Message par nicolas percet le Jeu 18 Fév - 14:19

INTRODUCTION :
Dans une économie ouverte, les banques font partie intégrantes du secteur des entreprises et, plus précisément de celui des sociétés financières : créatrices et distributrices de services mais déployant en base arrière une organisation quasi industrielle, elles sont ainsi des entreprises à part entière qui tentent de satisfaire à la fois une finalité économique, un objectif financier équilibré et si possible bénéficiaire ainsi qu’une communauté humaine qui la compose.
Toutefois, on ne peut pas nier que ce soient des entreprises spécifiques qui remplissent un rôle économique original en forme de monopole mais aussi et surtout parce que ce rôle induit des prestations de services bâties autour de l’argent de ses clients.
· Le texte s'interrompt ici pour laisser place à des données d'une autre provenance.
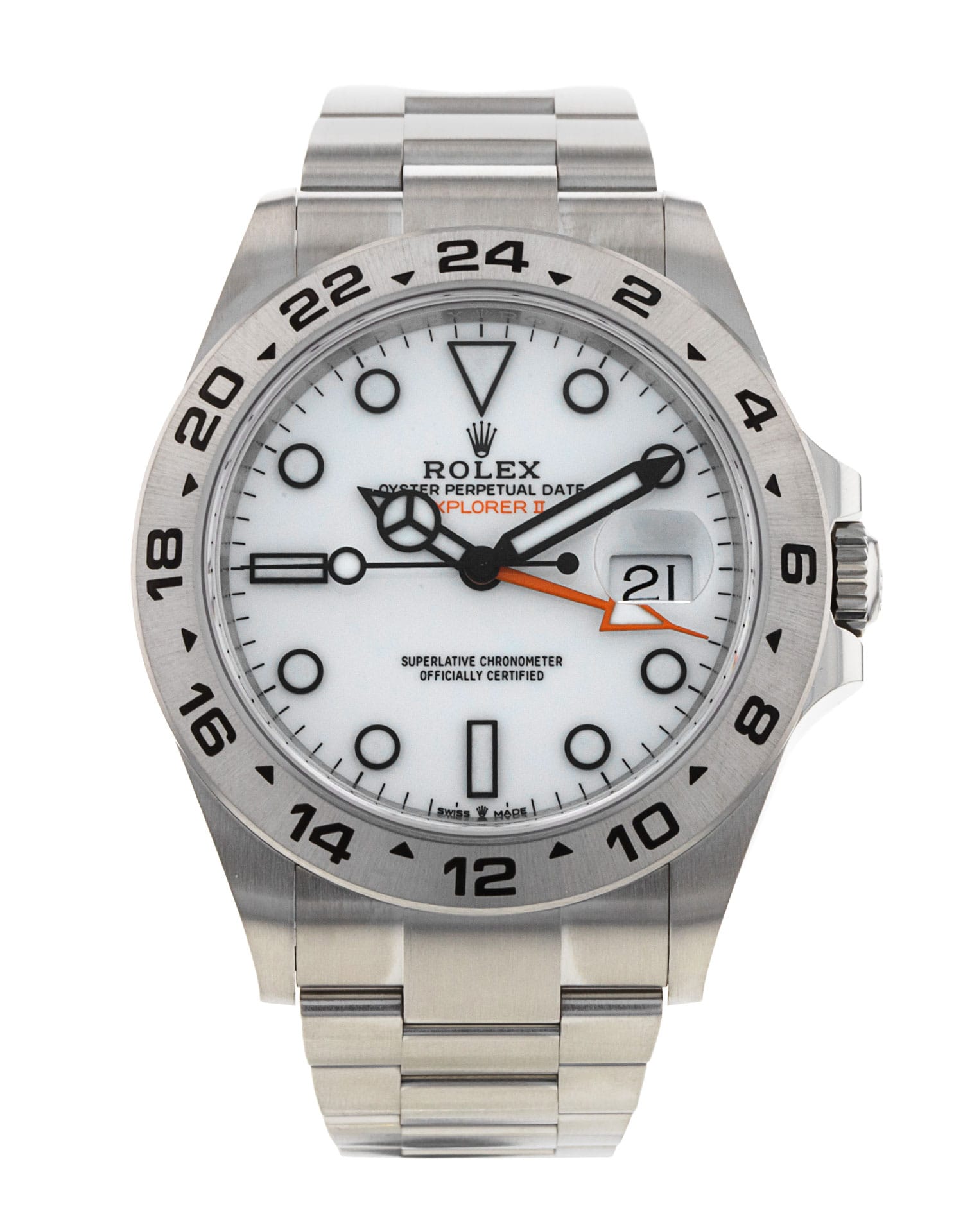 This Rolex Explorer II 226570 has a white dial and a bracelet strap. This Rolex has undergone a thorough inspection of water resistance, accuracy, functionality and condition to determine the level of reconditioning required to meet our strict standards. It has also been referenced against technical documents and manufacturer records where available to ensure authenticity and a clean history. Our watches have a 24-month warranty for your peace of mind, in conjunction with any remaining manufacturer’s warranty from new or from service. To maintain the manufacturer’s warranty on this watch, it has not been polished in our service centre.

D’ailleurs, contrairement aux autres secteurs de l’économie, elles sont soumises à un agrément préalable et ont le devoir de rendre des comptes à des tutelles possédant un fort pouvoir de sanction à leur égard.
Afin de comprendre plus précisément pourquoi le secteur bancaire et financier est l’un des plus encadré et des plus contrôlés, nous mettrons tout d’abord en évidence les spécificités de ce secteur puis nous verrons en quoi et pourquoi elles nécessitent des obligations particulières de surveillance.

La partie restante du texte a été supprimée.